Want to improve collaboration across your teams? Start by putting a network engineer and a quantum physicist in front of the same topology diagram. The questions that arise will highlight exactly where the communication channels—both technical and human—need reinforcement.

Real-World Implementation: From Lab to City-Wide Deployment

Pilot Programs Are Already Running on Urban Networks

Quantum networks have moved beyond controlled laboratory environments and are now operating within actual metropolitan fibre infrastructure. A notable example comes from the city of Cambridge, UK, where Toshiba and BT demonstrated quantum key distribution (QKD) over existing fibre spanning commercial and government buildings.
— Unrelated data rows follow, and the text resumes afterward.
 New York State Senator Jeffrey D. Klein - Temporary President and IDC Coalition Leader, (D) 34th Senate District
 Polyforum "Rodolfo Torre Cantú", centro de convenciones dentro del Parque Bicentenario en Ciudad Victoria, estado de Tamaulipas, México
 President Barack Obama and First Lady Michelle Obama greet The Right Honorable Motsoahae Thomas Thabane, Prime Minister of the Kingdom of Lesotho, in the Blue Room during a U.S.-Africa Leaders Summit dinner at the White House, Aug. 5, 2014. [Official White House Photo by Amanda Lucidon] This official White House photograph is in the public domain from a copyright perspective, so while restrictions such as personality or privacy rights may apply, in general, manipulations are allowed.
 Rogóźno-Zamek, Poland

The deployment covered a distance of 43 kilometers, fully integrated into Openreach’s local fibre network, requiring no major cable overhauls or replacements.

This real-city trial achieved stable quantum communication over several weeks, even as classical data continued transmitting along the same fibres. By using wavelength-division multiplexing, researchers successfully separated quantum and conventional signals, proving that a hybrid communications model is technically feasible.

Quantum Nodes Installed in City Networks

Across metropolitan areas, telecom providers and research labs have begun installing quantum nodes directly into their core network architecture. These nodes act as points for entanglement distribution and quantum key generation. In Chicago, the Argonne National Laboratory and University of Chicago launched a 124-mile quantum loop using existing fibre provided by regional network providers. Each node deployed within this loop contributes to real-time quantum key distribution and verifies entanglement fidelity across the network in a real-world environment.

Meanwhile, in Vienna, researchers with the European QKD Testbed (EuroQCI) installed quantum endpoints into municipal fibre linking several administrative buildings. This installation used standard rack-mountable hardware for quantum devices, reflecting a crucial step toward simplified deployment in existing data centres and telecommunication hubs.

Use Case Examples: Quantum-Enhanced Secure Communications

Every case demonstrates a clear transition from theoretical frameworks to practical application. These implementations show that quantum networks can operate over standard telecom-grade equipment without forcing costly rewiring or infrastructure replacement. And as pilot programs scale, they continuously feed data back into system optimization, accelerating the roadmap toward integrated quantum-secure internet services.